++++ DATA EXCERPTS ++++
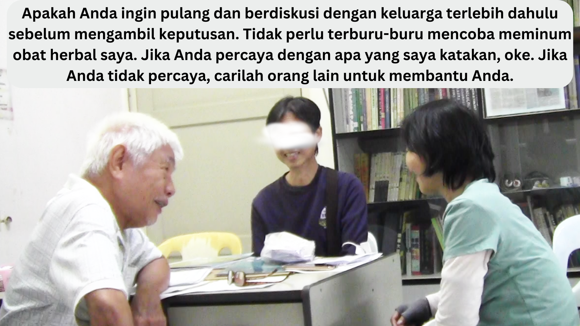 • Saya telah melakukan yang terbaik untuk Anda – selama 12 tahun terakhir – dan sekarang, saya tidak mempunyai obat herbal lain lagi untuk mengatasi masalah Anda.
++++
++++ DATA EXCERPTS ++++
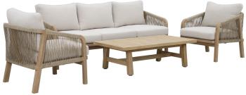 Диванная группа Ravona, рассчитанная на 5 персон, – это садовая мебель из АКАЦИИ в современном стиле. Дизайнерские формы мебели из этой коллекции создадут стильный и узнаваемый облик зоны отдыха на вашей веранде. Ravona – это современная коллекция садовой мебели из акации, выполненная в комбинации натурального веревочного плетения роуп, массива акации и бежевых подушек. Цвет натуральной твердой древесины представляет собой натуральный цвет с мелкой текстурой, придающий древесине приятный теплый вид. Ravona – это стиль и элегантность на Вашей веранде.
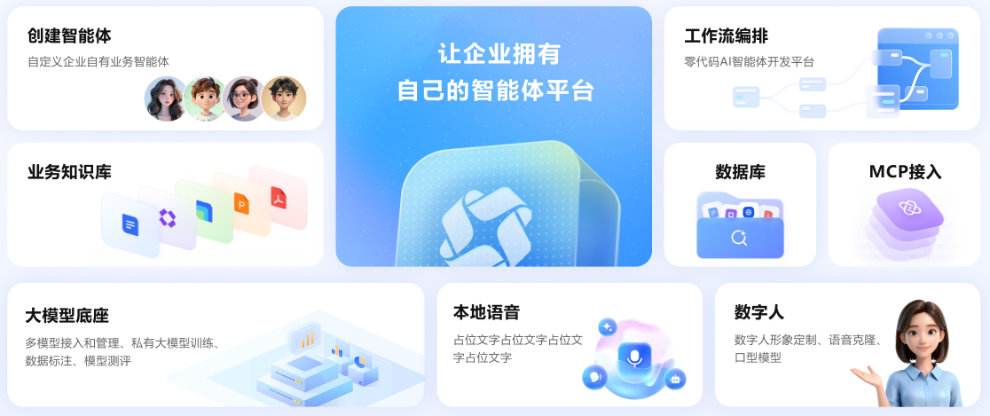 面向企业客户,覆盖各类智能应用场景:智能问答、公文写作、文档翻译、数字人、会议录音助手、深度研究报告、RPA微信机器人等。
++++
++++ DATA EXCERPTS ++++
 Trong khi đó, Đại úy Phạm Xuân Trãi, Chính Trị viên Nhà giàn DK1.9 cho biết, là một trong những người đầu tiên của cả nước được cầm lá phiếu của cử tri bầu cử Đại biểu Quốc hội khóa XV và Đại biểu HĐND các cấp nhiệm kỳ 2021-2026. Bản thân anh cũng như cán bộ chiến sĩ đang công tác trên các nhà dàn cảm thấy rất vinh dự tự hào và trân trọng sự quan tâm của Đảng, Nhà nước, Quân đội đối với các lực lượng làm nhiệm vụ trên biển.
++++
* ASSIGNMENT:
Above, find the line holding "Диванная группа Ravona, рассчитанная" and the line holding "面向企业客户,覆盖各类智能应". Print exactly those two lines and every line between them, but no pictures.

* WRITTEN REPLY:
 Диванная группа Ravona, рассчитанная на 5 персон, – это садовая мебель из АКАЦИИ в современном стиле. Дизайнерские формы мебели из этой коллекции создадут стильный и узнаваемый облик зоны отдыха на вашей веранде. Ravona – это современная коллекция садовой мебели из акации, выполненная в комбинации натурального веревочного плетения роуп, массива акации и бежевых подушек. Цвет натуральной твердой древесины представляет собой натуральный цвет с мелкой текстурой, придающий древесине приятный теплый вид. Ravona – это стиль и элегантность на Вашей веранде.
 面向企业客户,覆盖各类智能应用场景:智能问答、公文写作、文档翻译、数字人、会议录音助手、深度研究报告、RPA微信机器人等。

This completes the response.